The approval extends the current indication in China as add-on therapy in adults and children aged five years and older with active systemic lupus erythematosus (SLE). This approval makes belimumab China’s first and only biologic medicine approved for SLE and LN.
Hal Barron, Chief Scientific Officer and President R&D, GSK, said: “Nearly 500,000 people in China have systemic lupus erythematosus and more than half of these patients will develop one of the most common and serious complications, lupus nephritis. Recognising that lupus nephritis can lead to kidney damage, this approval will allow patients in China access to a new treatment option to help slow the progressive nature of systemic lupus.”
The NMPA approval is based on data from the BLISS-LN (Efficacy and Safety of Belimumab in Adult Patients with Active Lupus Nephritis) phase III trial, which showed that over two years, belimumab added to standard therapy increased renal response rates and helped to reduce the risk of worsening of kidney disease in patients with active LN compared to standard of care alone.
Professor Xueqing Yu, President of Guangdong Provincial People’s Hospital and principal BLISS-LN investigator, said: “With more than half of systemic lupus erythematosus patients experiencing some degree of renal involvement, the approval of belimumab is a much-needed new treatment option. Not only can belimumab help preserve the kidneys, but it can also facilitate a reduction in doses of steroids and immunosuppressants, which can have toxic side effects and lead to organ damage.”
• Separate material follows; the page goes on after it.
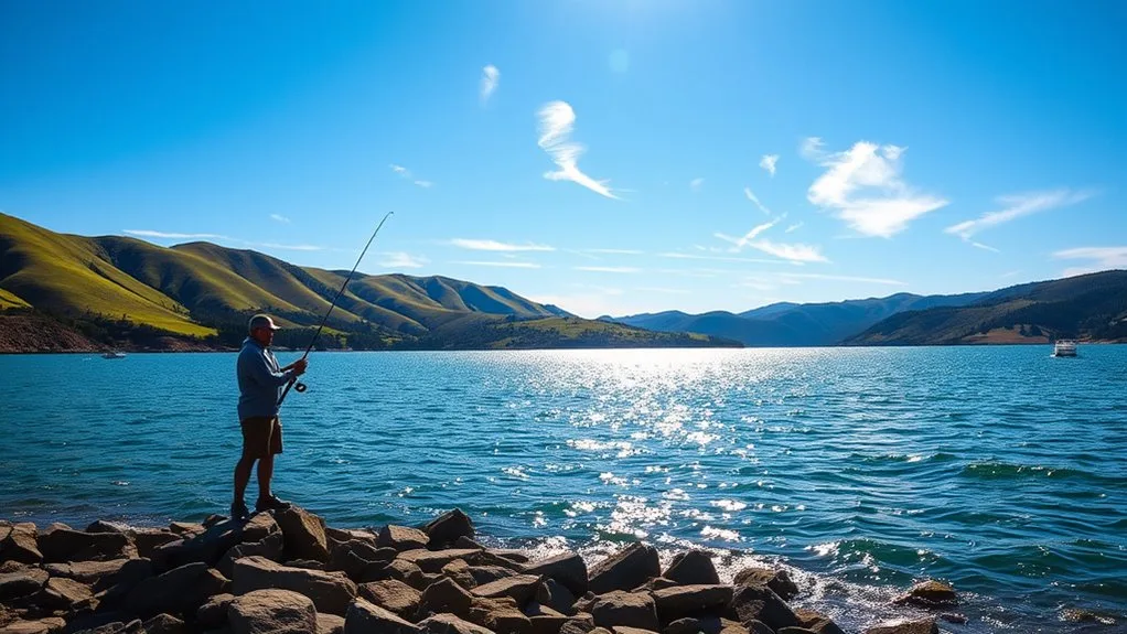 Master the waters with effective techniques. Trolling with needlefish or silver spoons attracts trout and salmon. Largemouth bass respond well to crankbaits and soft plastics, while nightcrawlers are perfect for catfish and bluegill. Rainbow trout are a popular target at Lake Berryessa, similar to those stocked annually at Blue Lake in Fairview. Remember, the east side of Lake Berryessa is not allowed for shore fishing, so plan your fishing spots accordingly. Don't forget to check current fishing regulations to guarantee a responsible and rewarding experience at this angler's paradise. Lake Berryessa is waiting to offer you an unforgettable fishing adventure!

The BLISS-LN phase III trial is the largest and longest trial conducted in active LN, involving 448 adult patients. The trial met its primary endpoint, demonstrating that a statistically significant and clinically meaningful greater number of patients achieved Primary Efficacy Renal Response (PERR) at two years (or 104 weeks) when treated with belimumab plus standard of care compared to placebo plus standard of care in adults with active LN (43% vs 32%, odds ratio (95% CI) 1.55 (1.04, 2.32), p=0.0311). Statistical significance compared to placebo across all four major secondary endpoints was achieved, including complete renal response at week 104 and time to renal-related event or death. The adverse reactions observed in BLISS-LN were consistent with the known safety profile of belimumab administered intravenously plus standard of care in patients with SLE.
Belimumab is also approved in China for five-year-old and older patients with active, autoantibody-positive SLE with high disease activity (e.g., positive anti-double-stranded DNA and low complement, and an objective assessment of overall disease activity using SELENA-SLEDAI score ≥ 8) in combination with standard of care. It is also the first biologic in China’s 2021 National Reimbursement Drug List for paediatric SLE.